Before RREM and LMI grant recipients are closed out of the program, the state is required by HUD to conduct an audit to make sure a homeowner's initial grant should not be reduced by the amount of any extra funds — including insurance payments or loans — that were received after the grant was awarded.
Many Sandy survivors took out SBA loans during the difficult weeks immediately following the storm, without realizing that the loan amounts would be subtracted from the total grant they could receive under the RREM program.
“These two Sandy-era programs should be fixed so that our towns and residents—many now out of work — can focus on the crisis at hand,” said Smith. “As the second-highest impact area for coronavirus, we need to meet the demands going forward. Instead of pressuring our towns, the federal government needs to accept responsibility for its past mistakes and work with us to address the future.”
Little Egg Harbor resident Estelle Stolz, a New Jersey Organizing Project member, said she is facing a clawback after not realizing Increased Cost of Compliance money she received from the National Flood Insurance Program would be subtracted from her RREM grant.
"I followed all the guidelines presented to me by the RREM program, I followed the rules in my recovery and fought hard to finally make it home," Stolz said. "My nightmare continues because now I’m being told I owe money back for a grant that was supposed to help me get home."

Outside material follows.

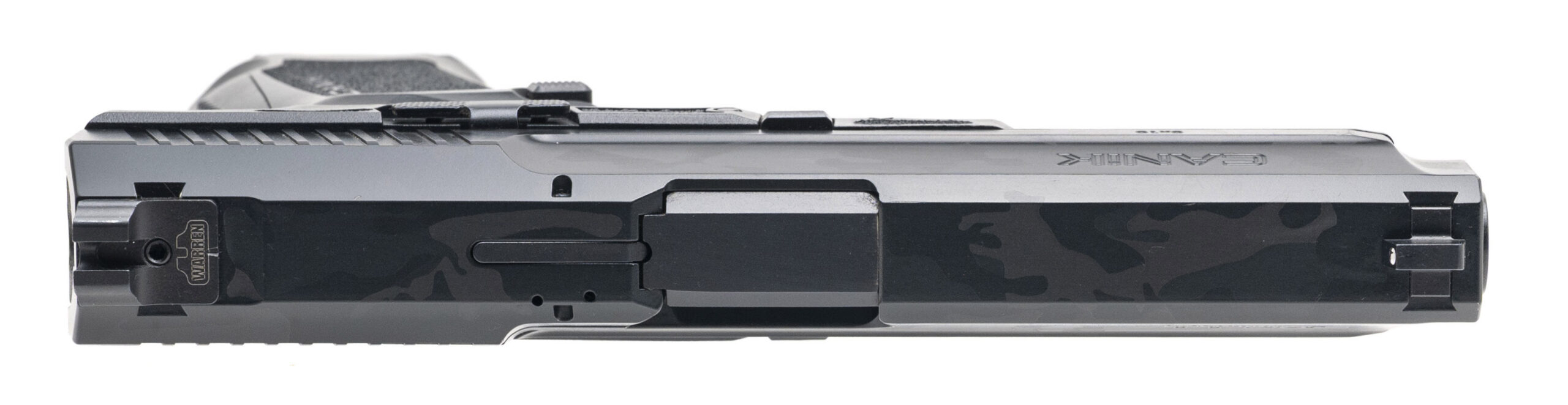 SN: 23AT14207. Modern production, 9mm with a 4.19" barrel. Bore is excellent. Full size polymer frame striker-fired pistol with an accessory rail, and midnight woodland camouflage finish. Finish shows light edge wear. Overall condition is near excellent. Includes an additional magazine, original holster, and original case.

It's not clear exactly how many homeowners received clawback letters and are affected by the freeze on repayments. In "The Long Road Home," a report issued on the fifth anniversary of Sandy by the New Jersey Resource Project, 20% of the families surveyed in the RREM and LMI programs said they had been asked to repay money.
“Over seven years has passed and we are still suffering the effects of superstorm Sandy," said Jody Stewart, who works with Sandy-impacted families at the organizing project. "Our families, our communities must be able to heal and move forward to recover. The clawbacks are putting financial burdens once again on those who have already lost so much from the storm."